By the 1960s Mann, almost inexplicably, moved on to work on the sort of elephantine productions loathed by the auteur critics who championed him. At the time of his death Mann’s reputation had already been obscured by the trendy young lions of the day (Sam Peckinpah, Monte Hellman, Dennis Hopper, Sergio Leone) who borrowed freely, if not always faithfully, from the master’s example.
Born into a family of academics, Anthony took to acting at an early age and with the death of his father he quit school to pursue a career on the New York stage at the ripe old age of seventeen. Mann began an extended apprenticeship in the theatre, learning his trade as an actor, stage manager and set designer. He became a director in the early 1930s and a string of Broadway successes led to a job offer from David O. Selznick in Hollywood.
Once in California, Mann undertook another lengthy apprenticeship in his new medium. He was assigned to scouting talent and directing screen tests before landing a job as an assistant director at Paramount. Mann finally got a chance to direct in 1942 and during the next few years he was at the helm for several low-budget programmers in a variety of genres for RKO, Universal and Republic Studios.
The most interesting of the bunch Strangers in the Night is an atmospheric mystery about Marine John Meadows (William Terry) returning to the States to only find his romantic pen pal has disappeared. He is stonewalled by the woman’s crippled mother (Helen Thimig) and soon finds he is falling in love with an attractive doctor (Virginia Grey) he has taken into confidence. This revelation spurs the old dame into a murderous rage, capping off this intriguing early effort.
Also of interest is The Great Flamarion, a tawdry drama about a vaudevillian sharpshooter (Erich Von Stroheim) who falls prey to his comely and ruthless assistant (Mary Beth Hughes). Despite the presence of Stroheim Flamarion is somewhat disappointing, but it still bore early evidence of Mann’s pessimism and expressionistic tendencies.
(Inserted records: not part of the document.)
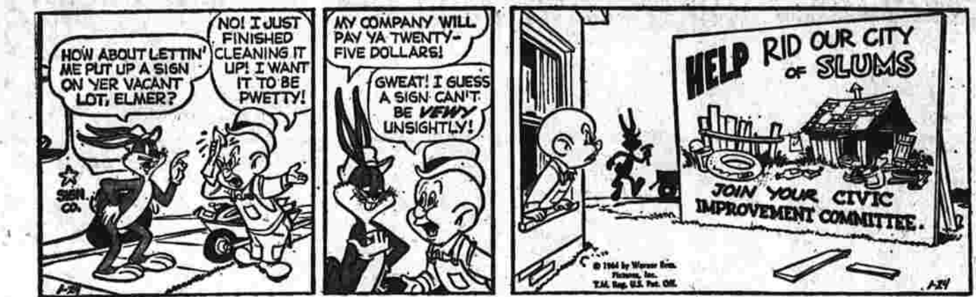
HELP RID OUR CITY OF SLUMS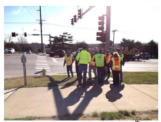
Looking east across Iowa at 19<sup>th</sup>.

Re-grade and add landings for curb ramps. Curb ramps should not exceed 15' but a combination ramp should be considered. This is where perpendicular ramp runs are brought to an intermediate landing. Then the ramp is continued in the direction of the sidewalk (parallel). Provide APS.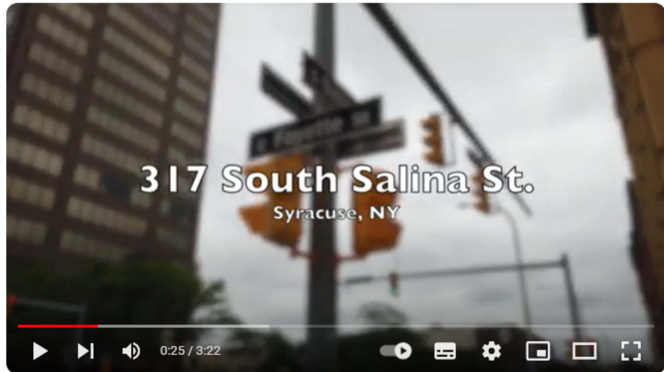
317 South Salina St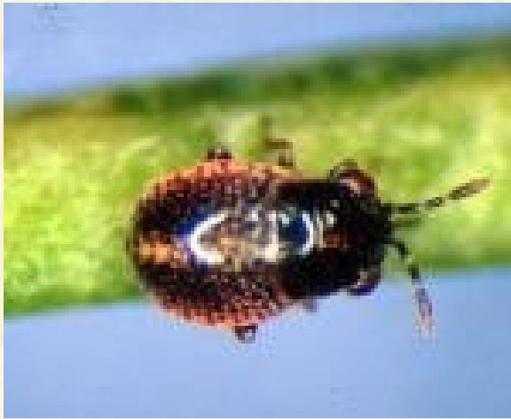
Big-Eyed Bug on a Stem

Natural enemies play an important role in the management of agricultural pests. Given the lack of approved pesticides and pesticide efficacy data on hemp grown in New Jersey, hemp growers may wish to encourage natural enemy populations to aid in biocontrol of pest species. Examples of these beneficial insects include Big-eyed bug ( Gercoris spp.), damsel bugs, Syrphid flies, Convergent Lady Beetle ( Hippodamia convergens L.), Minute Pirate Bug ( Orius insidiosus ), Green Lacewings ( Chrysoperla rufilabris L.), and Brown Lacewings ( Hemerobius spp.). More information on these species can be found here . For information on best management practices to encourage these beneficial insects on your farm, visit Michigan State University's Native Plants and Ecosystem Services website and check out ATTRA's publication: "Farmscaping to Enhance Biological Control."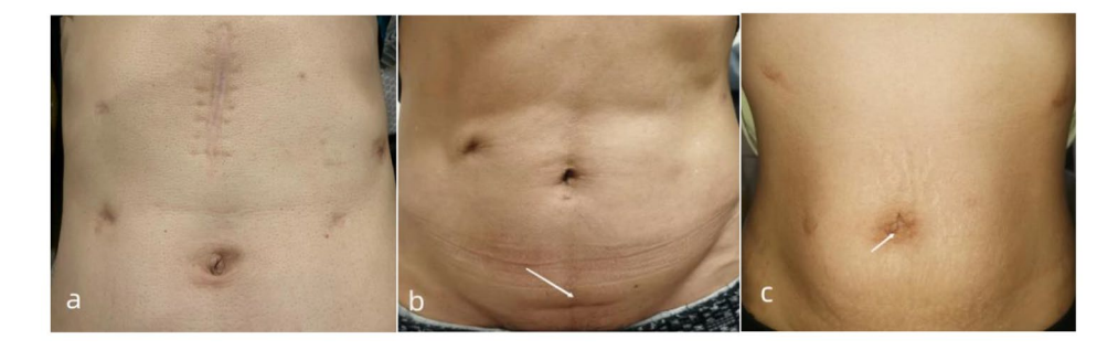
Fig. 4 Abdominal photograph 6 months after surgery. (a) Abdominal photograph 6 months after LATG; (b) Abdominal photograph 6 months after SPLT-TLTG, the surgical specimen was taken out through the lower abdominal transverse incision (indicated by the arrow); (c) Abdominal photograph 6 months after SPLT-TLTG, the surgical specimen was taken out through the extended trocar hole below the umbilicus (indicated by the arrow) Abbreviations: LATG, laparoscopy-assisted total gastrectomy; SPLT, self-pulling and later transected; TLTG, totally laparoscopic total gastrectomy

The conventional laparoscopic-assisted E-J is primarily completed with purse-string forceps and circular staplers. Therefore, the initial TLTG also focused on the circular anastomosis, of which the most commonly used is the Orvil<sup>™</sup> method [11, 12] and reverse puncture method [13, 14], both of which require the insertion of the anvil, which is difficult to complete. Compared with circular anastomosis, linear anastomosis has many advantages, including fewer requirements on the diameter of the digestive tract, a lower probability of anastomotic stenosis, and the stapler can be placed through the 12 mm trocar hole, which is widely used in TLTG [5-8]. In TLTG, the main methods using linear staplers are the FEEA method [15] and the overlap method [16]. Compared with reversed peristalsis anastomosis in FEEA, the overlap is a straight-forward anastomosis, which can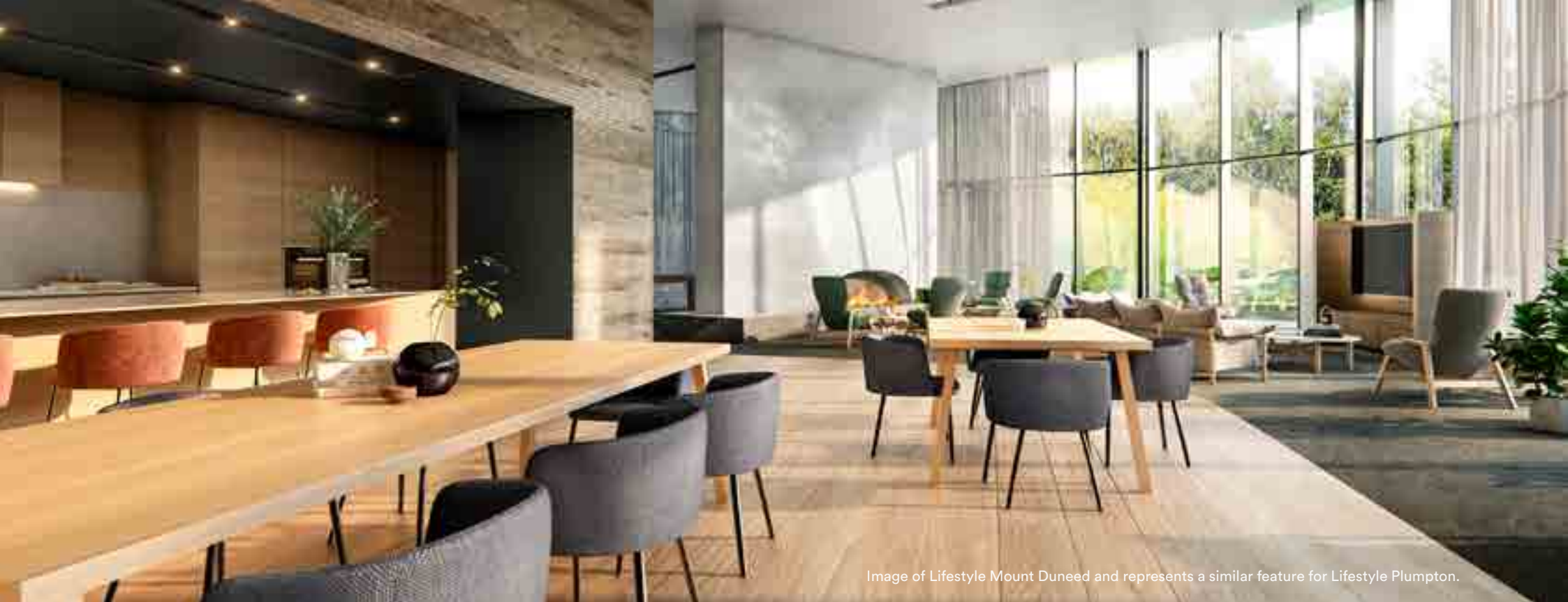
Image of Lifestyle Mount Duneed and represents a similar feature for Lifestyle Plumpton.

Enjoy everything from a stunning exterior to a safe interior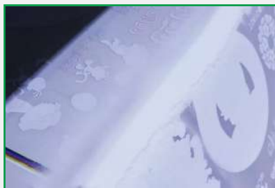
High-Quality hot-melpowdei can be used repeatedly.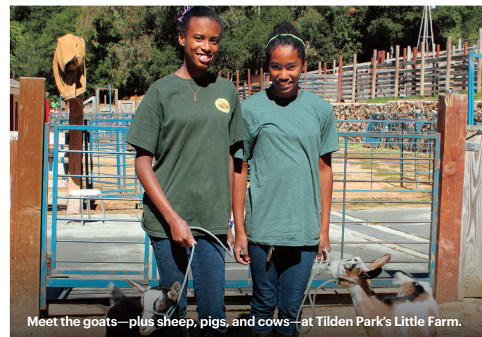
Meet the goats—plus sheep, pigs, and cows—at Tilden Park's Little Farm.

Emerald Glen Park This enormous expanse features bocce courts, a skate park, and an extensive playground known for its water features and slides that snake down rock formations. Dublin, ci.dublin.ca.us.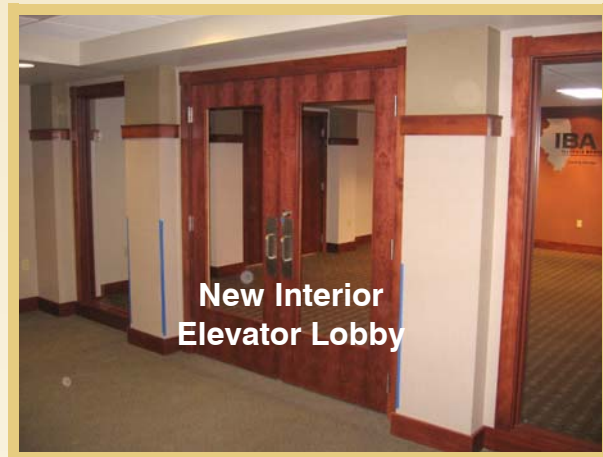
New Interior Elevator Lobby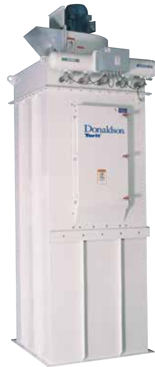
25FS8 Bin Vent with integrated fan

Economical solutions for dust collection and bin venting applications.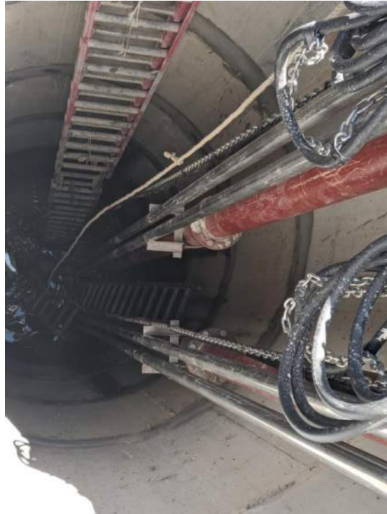
Inside of Mykawa and W. Orange Lift Station – Package 2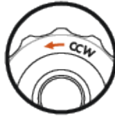
Adjustment direction CCW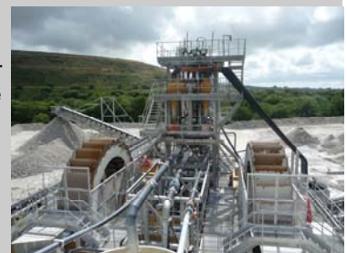
Dry Mining Plant

Following this the group then visited the drying and processing plants before going on to the Port to view the Rail Unloading System and Ship loading facilities. The Ship loading originally took place at Par Docks but has now been moved to Fowey docks. Fowey is now the sole point of departure for all Imerys' clay. The clay arrives at the water's edge by pipeline in slurry form, rail or along Imerys' private road that was once the track bed of the railway linking the two harbours.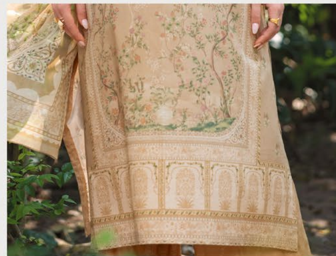
Petal Poem BRPP-57 | 3 Piece | Lawn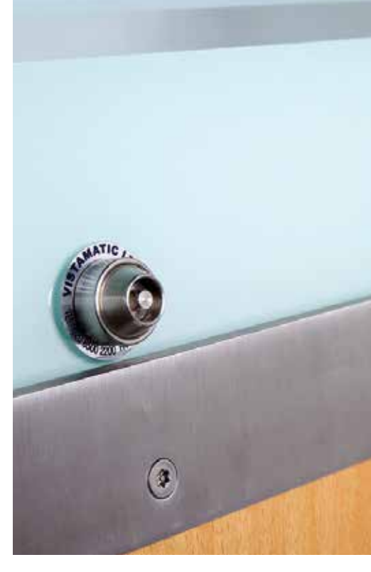
As with all Vistamatic products, the Vista Safe carries a Lifetime Warranty against faulty manufacture.

Also standard is our Vista Glide damper. This soft-closing damping system ensures panels close with a minimum of effort and noise. This is especially useful where observation is needed throughout the night.

Mann finally got a chance to shoot something more up his dark alley with the surprisingly snappy murder mystery Two O’Clock Courage. RKO’s suave, B-picture leading man Ton Conway plays a wandering amnesiac nearly run-over by cabbie Patty Mitchell (Ann Rutherford). She takes a shine to the bewildered man and decides to help him find his true identity. He is soon linked to an unsolved murder and through a little sleuthing they find he is actually Step Allison, a lawyer set up to take the fall after he confronts an old friend who betrayed his client.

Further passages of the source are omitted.